Required work
The expected output is the data below, character for character, without its pictures.

Dataset section

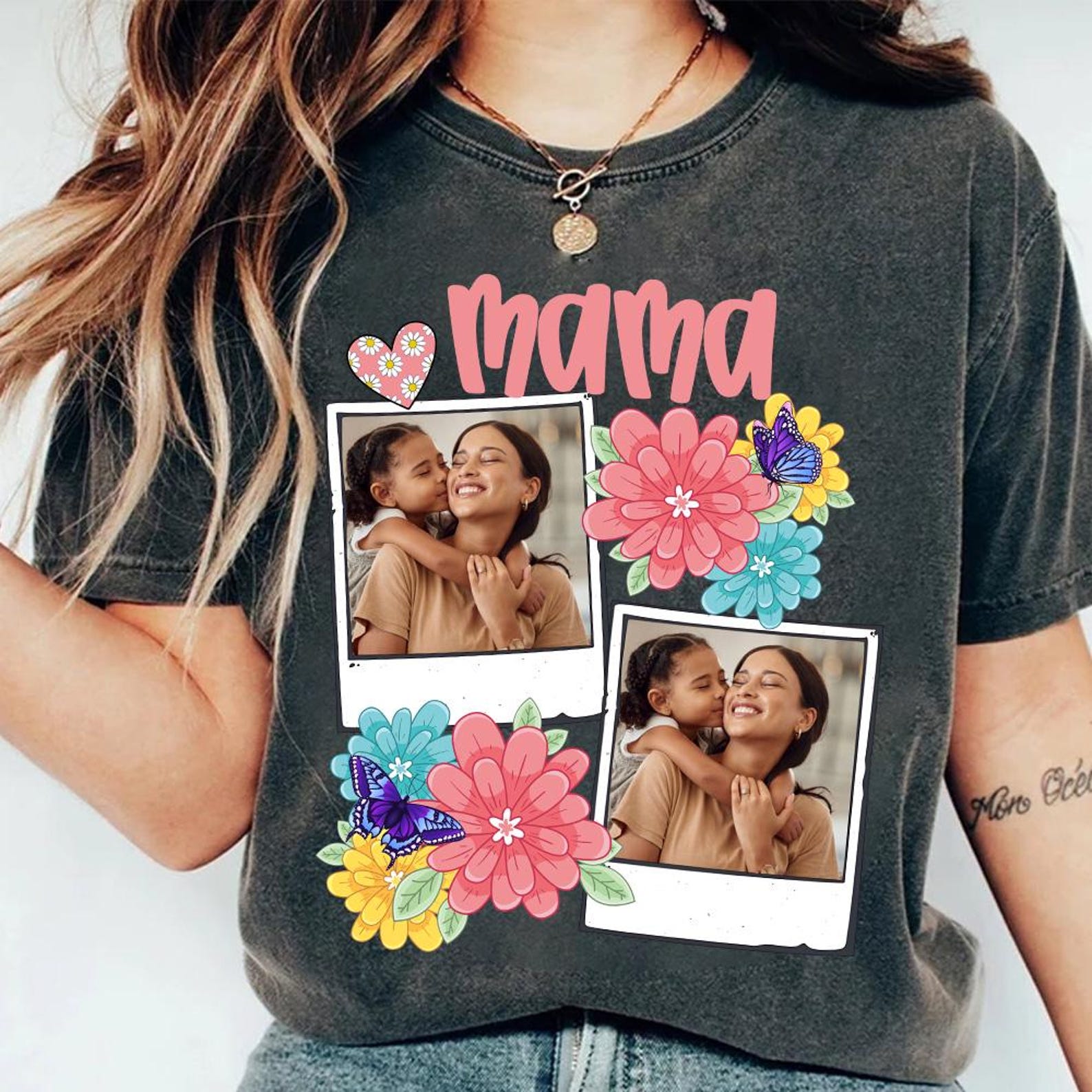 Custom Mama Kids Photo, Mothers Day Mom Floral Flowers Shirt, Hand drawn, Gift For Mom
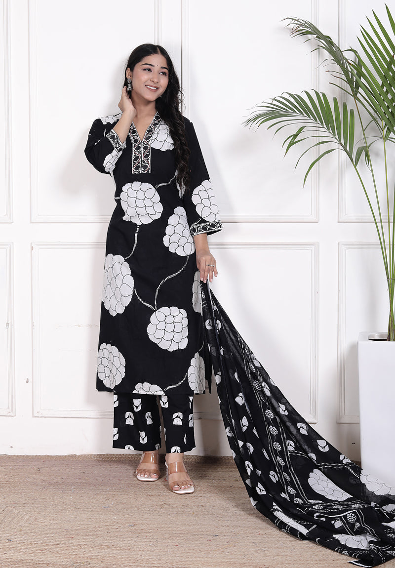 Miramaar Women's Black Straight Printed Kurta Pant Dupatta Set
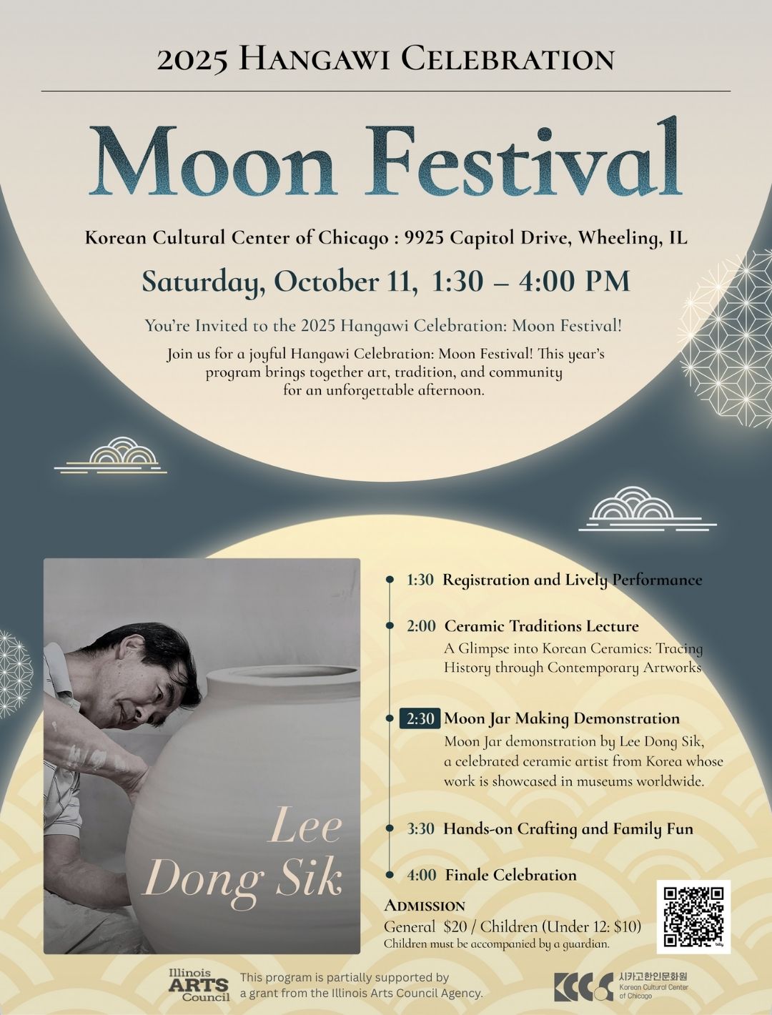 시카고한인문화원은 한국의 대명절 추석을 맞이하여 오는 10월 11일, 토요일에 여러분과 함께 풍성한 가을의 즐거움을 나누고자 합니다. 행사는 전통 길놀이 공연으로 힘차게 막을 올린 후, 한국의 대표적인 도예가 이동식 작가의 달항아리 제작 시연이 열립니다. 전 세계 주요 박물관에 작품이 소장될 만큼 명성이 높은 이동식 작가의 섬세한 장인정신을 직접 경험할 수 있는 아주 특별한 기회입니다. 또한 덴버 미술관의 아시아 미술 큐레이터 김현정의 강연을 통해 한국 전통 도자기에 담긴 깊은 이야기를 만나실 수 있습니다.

Task output
 Custom Mama Kids Photo, Mothers Day Mom Floral Flowers Shirt, Hand drawn, Gift For Mom
 Miramaar Women's Black Straight Printed Kurta Pant Dupatta Set
 시카고한인문화원은 한국의 대명절 추석을 맞이하여 오는 10월 11일, 토요일에 여러분과 함께 풍성한 가을의 즐거움을 나누고자 합니다. 행사는 전통 길놀이 공연으로 힘차게 막을 올린 후, 한국의 대표적인 도예가 이동식 작가의 달항아리 제작 시연이 열립니다. 전 세계 주요 박물관에 작품이 소장될 만큼 명성이 높은 이동식 작가의 섬세한 장인정신을 직접 경험할 수 있는 아주 특별한 기회입니다. 또한 덴버 미술관의 아시아 미술 큐레이터 김현정의 강연을 통해 한국 전통 도자기에 담긴 깊은 이야기를 만나실 수 있습니다.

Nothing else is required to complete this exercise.